* Task statement *
Starting from the line with "2023年、2024年、20", please copy exactly every line to the end of the listing, but not the pictures.

* Extracted information *
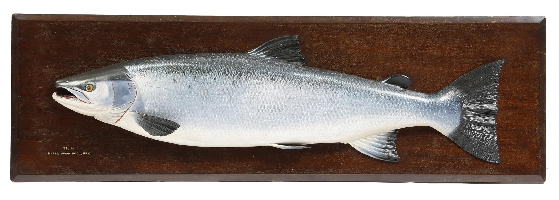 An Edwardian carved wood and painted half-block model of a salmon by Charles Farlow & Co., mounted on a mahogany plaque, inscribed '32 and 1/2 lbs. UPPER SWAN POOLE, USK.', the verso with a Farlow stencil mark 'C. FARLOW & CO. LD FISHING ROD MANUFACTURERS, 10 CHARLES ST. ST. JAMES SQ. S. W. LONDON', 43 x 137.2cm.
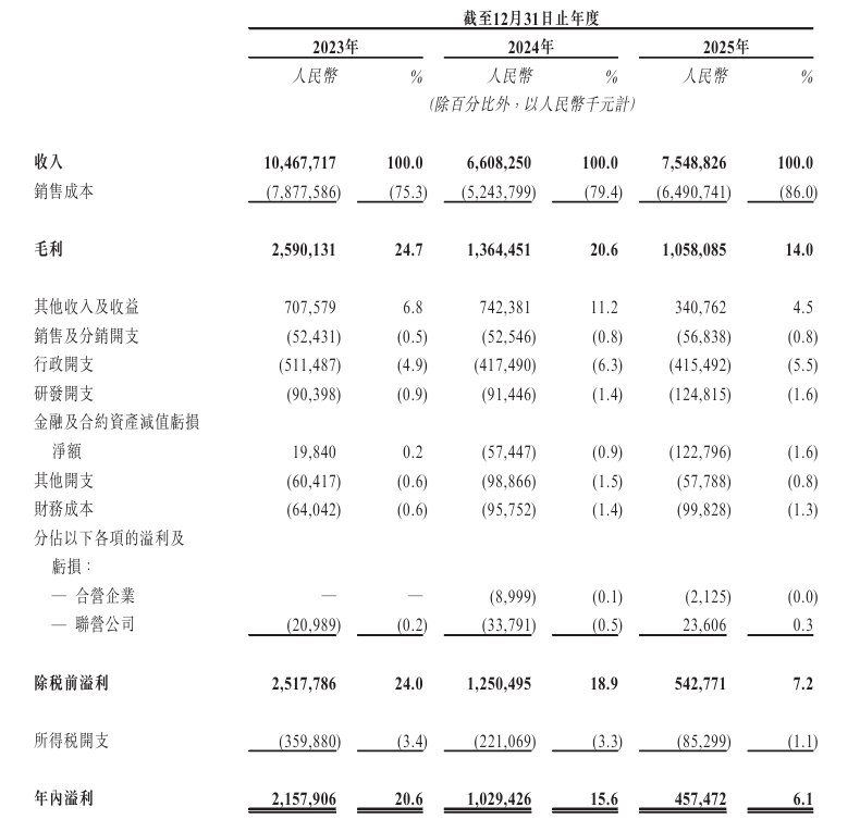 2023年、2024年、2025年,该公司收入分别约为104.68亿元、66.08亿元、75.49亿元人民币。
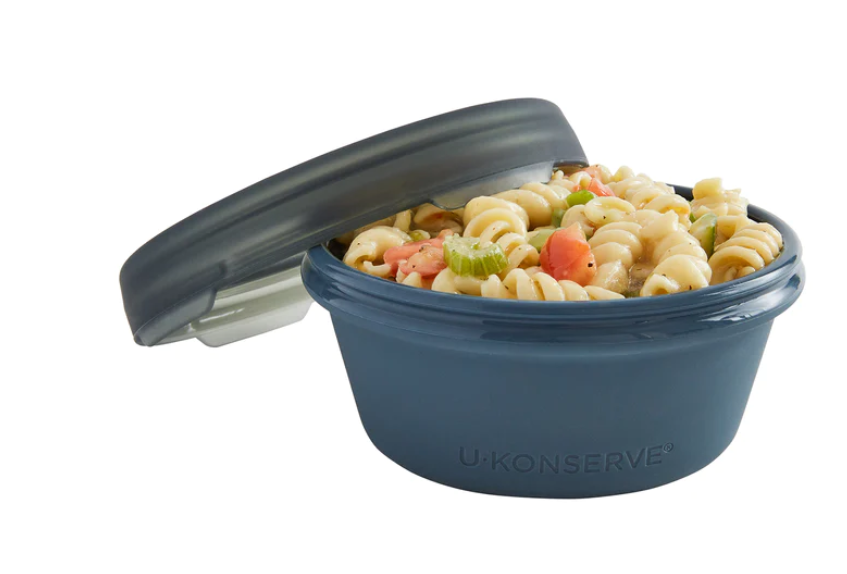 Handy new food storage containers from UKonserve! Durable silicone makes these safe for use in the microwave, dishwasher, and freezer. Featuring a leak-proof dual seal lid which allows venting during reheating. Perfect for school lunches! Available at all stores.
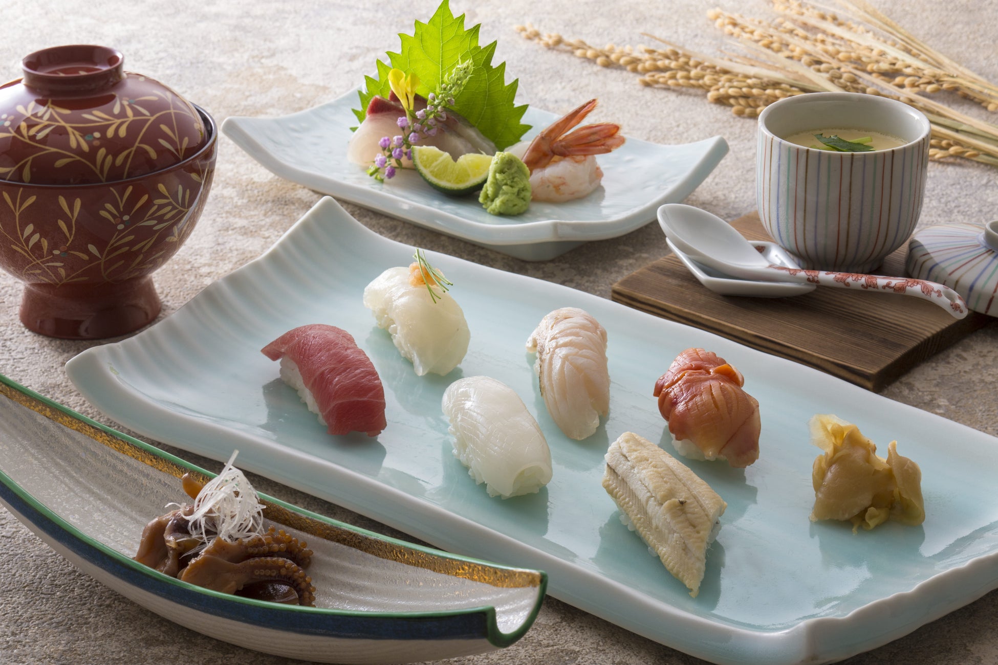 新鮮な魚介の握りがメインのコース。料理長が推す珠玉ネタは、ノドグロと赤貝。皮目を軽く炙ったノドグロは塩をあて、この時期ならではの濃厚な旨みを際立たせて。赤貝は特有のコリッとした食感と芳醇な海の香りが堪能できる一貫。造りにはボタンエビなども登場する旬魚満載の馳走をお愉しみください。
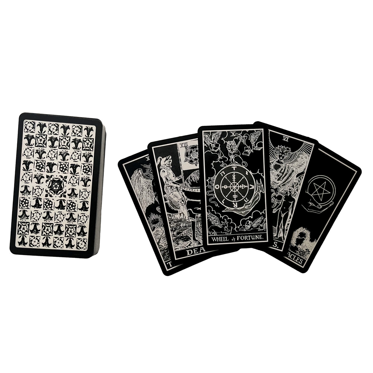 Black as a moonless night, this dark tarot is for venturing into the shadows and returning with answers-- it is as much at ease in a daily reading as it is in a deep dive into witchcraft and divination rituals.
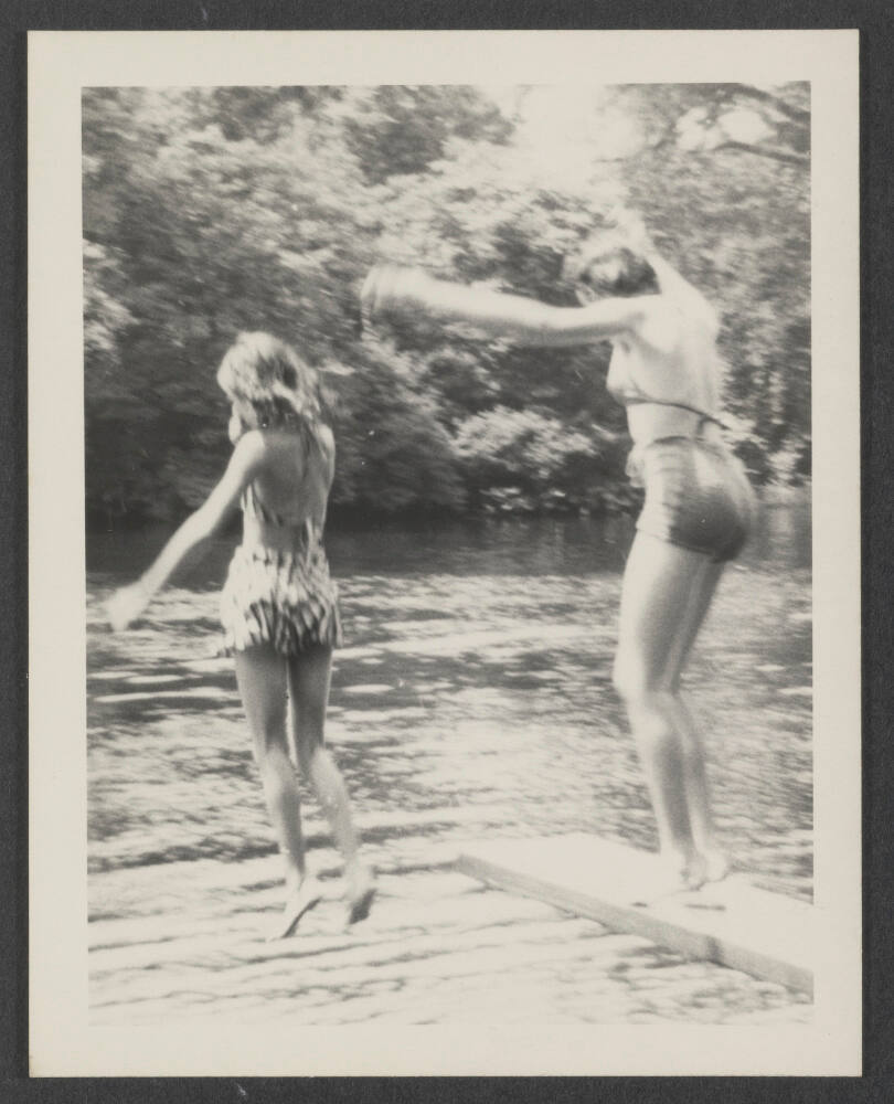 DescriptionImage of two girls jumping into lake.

* Response for this exercise *
 2023年、2024年、2025年,该公司收入分别约为104.68亿元、66.08亿元、75.49亿元人民币。
 Handy new food storage containers from UKonserve! Durable silicone makes these safe for use in the microwave, dishwasher, and freezer. Featuring a leak-proof dual seal lid which allows venting during reheating. Perfect for school lunches! Available at all stores.
 新鮮な魚介の握りがメインのコース。料理長が推す珠玉ネタは、ノドグロと赤貝。皮目を軽く炙ったノドグロは塩をあて、この時期ならではの濃厚な旨みを際立たせて。赤貝は特有のコリッとした食感と芳醇な海の香りが堪能できる一貫。造りにはボタンエビなども登場する旬魚満載の馳走をお愉しみください。
 Black as a moonless night, this dark tarot is for venturing into the shadows and returning with answers-- it is as much at ease in a daily reading as it is in a deep dive into witchcraft and divination rituals.
 DescriptionImage of two girls jumping into lake.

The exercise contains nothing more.